▼

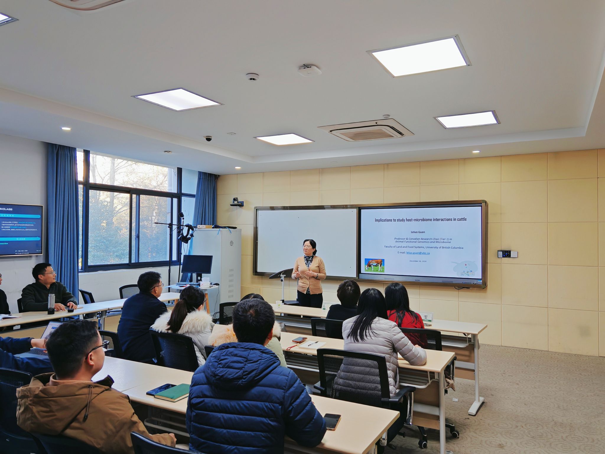 12月16日下午,加拿大不列顛哥倫比亞大學Leluo Guan教授應邀來動科動醫學院進行學術交流活動,校黨委委員、動科動醫學院院長宋厚輝,學院黨委書記魏玲玲參加交流會。Leluo Guan作題為“Implications to study host-microbiome interactions in livestock animals”的學術報告。畜牧學科師生參加會議。
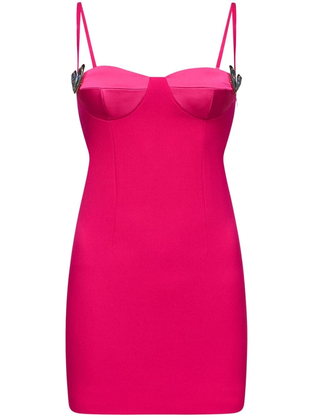 heart-motif twill mini dress Highlights - Hot pink - Wool - Twill weave - Heart motif - Crystal embellishment - Sweetheart neck - Concealed side zip fastening - Spaghetti straps - Thigh-length - Straight hem Made in Italy Composition Wool 100%
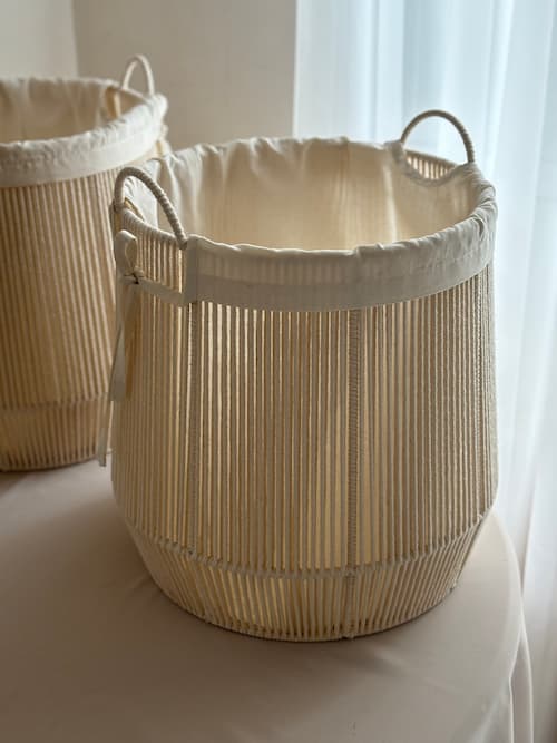 سبد خمره ای مکرومه با طراحی خاص کاربردی موجود در مجموعه هنری زیگات میباشد که توسط هنرمندان مجموعه طراحی و تولید میشود.
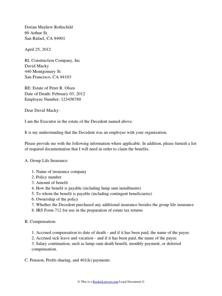 Employee Death Benefits Letter Template. Here by inform you about the death of my. Death Claim Letter of.
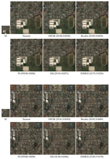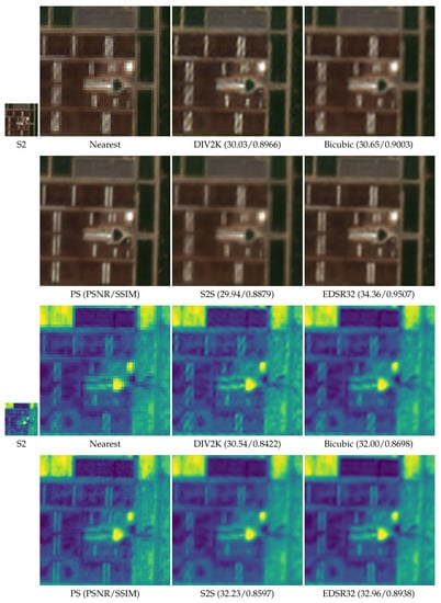 - Comparison with previous models: The proposed methodology has clearly outperformed other models for S2 super-resolution. The well-known bicubic interpolation (a resampling method) has shown better performance than networks learned only with S2 images or using standard RGB images. Hence, the necessity for learning specific networks should be highlighted.
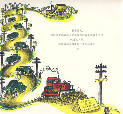 凯迪是一台漂亮的履带式拖拉机,55马力,既能推土又能铲雪,越是有难度的任务她越喜欢。有一天下了很厚很厚的大雪,别的铲雪车都走不动了,城市的路全被雪封住,除了凯迪,一切人、一切事情都停了下来。慢慢地、稳稳地,凯迪犁着雪前进,一路上帮助警察出来保护城市,邮递员把信送出去等等。多亏了能干的铲雪车凯迪,城市的所有道路恢复畅通,生活又照常进行了。
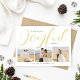 Joyful Modern Gold Script Photo Collage Foil Holiday Card
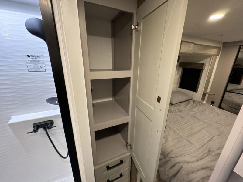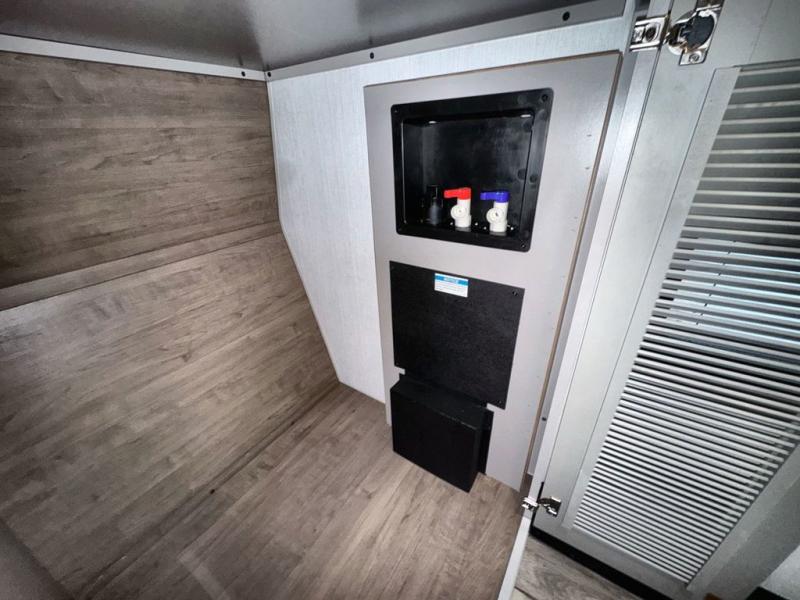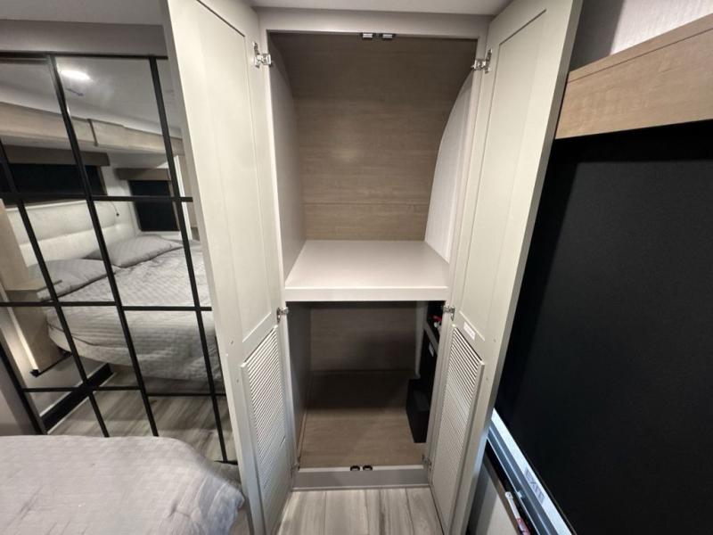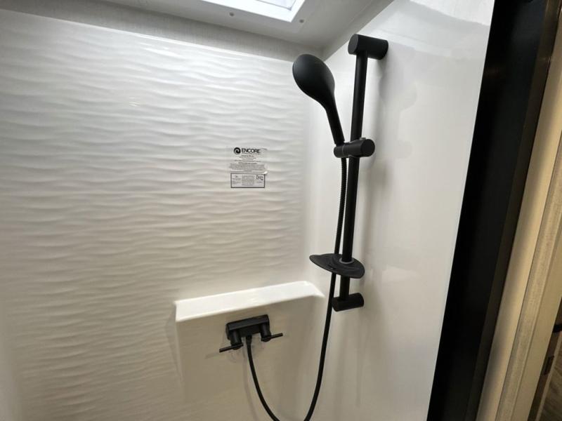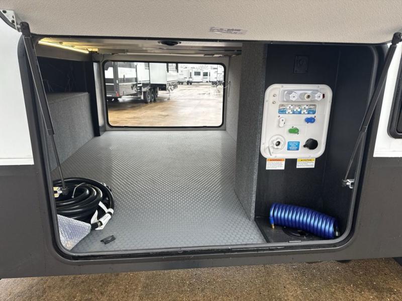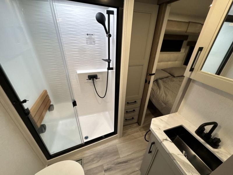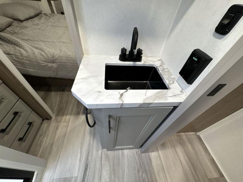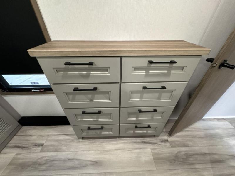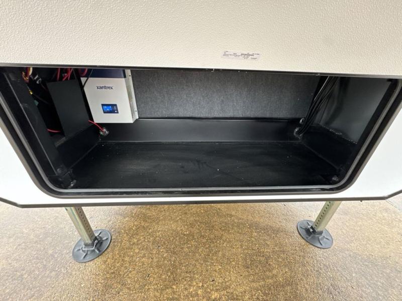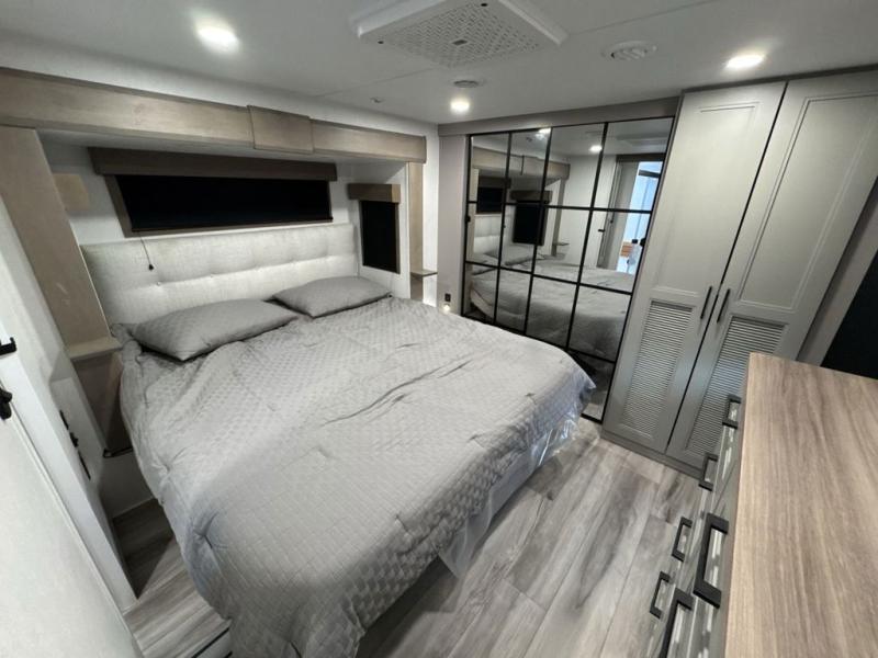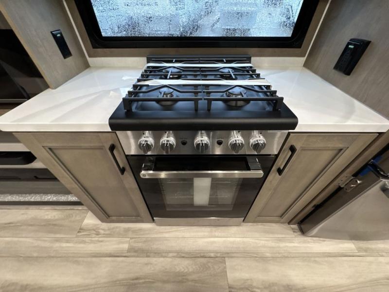 Start camping in luxury with this fifth wheel! The front private bedroom has a king bed slide which can be switched for an optional queen instead, a dresser, and a front wardrobe with washer and dryer prep. Start each morning feeling clean and fresh after showering in the 48" x 30" residential shower with a seat in the full bathroom. The kitchen has an island ideal for enjoying your morning coffee while reading the newspaper and socializing with the chef whipping up some scrambled eggs on the four burner range. The hutch can store your dishes, the pantry can store your canned goods, and the 18 cu. ft. refrigerator will keep your perishables fresh. If mother nature is raining on your parade then read a book on the rear hide-a-bed sofa or relax in the theater seating which has USB charging. And the entertainment center with a fireplace and 43" smart LED TV will keep you entertained!

▲

ACTIVITY>
Copy the entire listing exactly but skip the pictures.

COMPLETED TASK>
 12月16日下午,加拿大不列顛哥倫比亞大學Leluo Guan教授應邀來動科動醫學院進行學術交流活動,校黨委委員、動科動醫學院院長宋厚輝,學院黨委書記魏玲玲參加交流會。Leluo Guan作題為“Implications to study host-microbiome interactions in livestock animals”的學術報告。畜牧學科師生參加會議。
 heart-motif twill mini dress Highlights - Hot pink - Wool - Twill weave - Heart motif - Crystal embellishment - Sweetheart neck - Concealed side zip fastening - Spaghetti straps - Thigh-length - Straight hem Made in Italy Composition Wool 100%
 سبد خمره ای مکرومه با طراحی خاص کاربردی موجود در مجموعه هنری زیگات میباشد که توسط هنرمندان مجموعه طراحی و تولید میشود.
 Employee Death Benefits Letter Template. Here by inform you about the death of my. Death Claim Letter of.
 - Comparison with previous models: The proposed methodology has clearly outperformed other models for S2 super-resolution. The well-known bicubic interpolation (a resampling method) has shown better performance than networks learned only with S2 images or using standard RGB images. Hence, the necessity for learning specific networks should be highlighted.
 凯迪是一台漂亮的履带式拖拉机,55马力,既能推土又能铲雪,越是有难度的任务她越喜欢。有一天下了很厚很厚的大雪,别的铲雪车都走不动了,城市的路全被雪封住,除了凯迪,一切人、一切事情都停了下来。慢慢地、稳稳地,凯迪犁着雪前进,一路上帮助警察出来保护城市,邮递员把信送出去等等。多亏了能干的铲雪车凯迪,城市的所有道路恢复畅通,生活又照常进行了。
 Joyful Modern Gold Script Photo Collage Foil Holiday Card
 Start camping in luxury with this fifth wheel! The front private bedroom has a king bed slide which can be switched for an optional queen instead, a dresser, and a front wardrobe with washer and dryer prep. Start each morning feeling clean and fresh after showering in the 48" x 30" residential shower with a seat in the full bathroom. The kitchen has an island ideal for enjoying your morning coffee while reading the newspaper and socializing with the chef whipping up some scrambled eggs on the four burner range. The hutch can store your dishes, the pantry can store your canned goods, and the 18 cu. ft. refrigerator will keep your perishables fresh. If mother nature is raining on your parade then read a book on the rear hide-a-bed sofa or relax in the theater seating which has USB charging. And the entertainment center with a fireplace and 43" smart LED TV will keep you entertained!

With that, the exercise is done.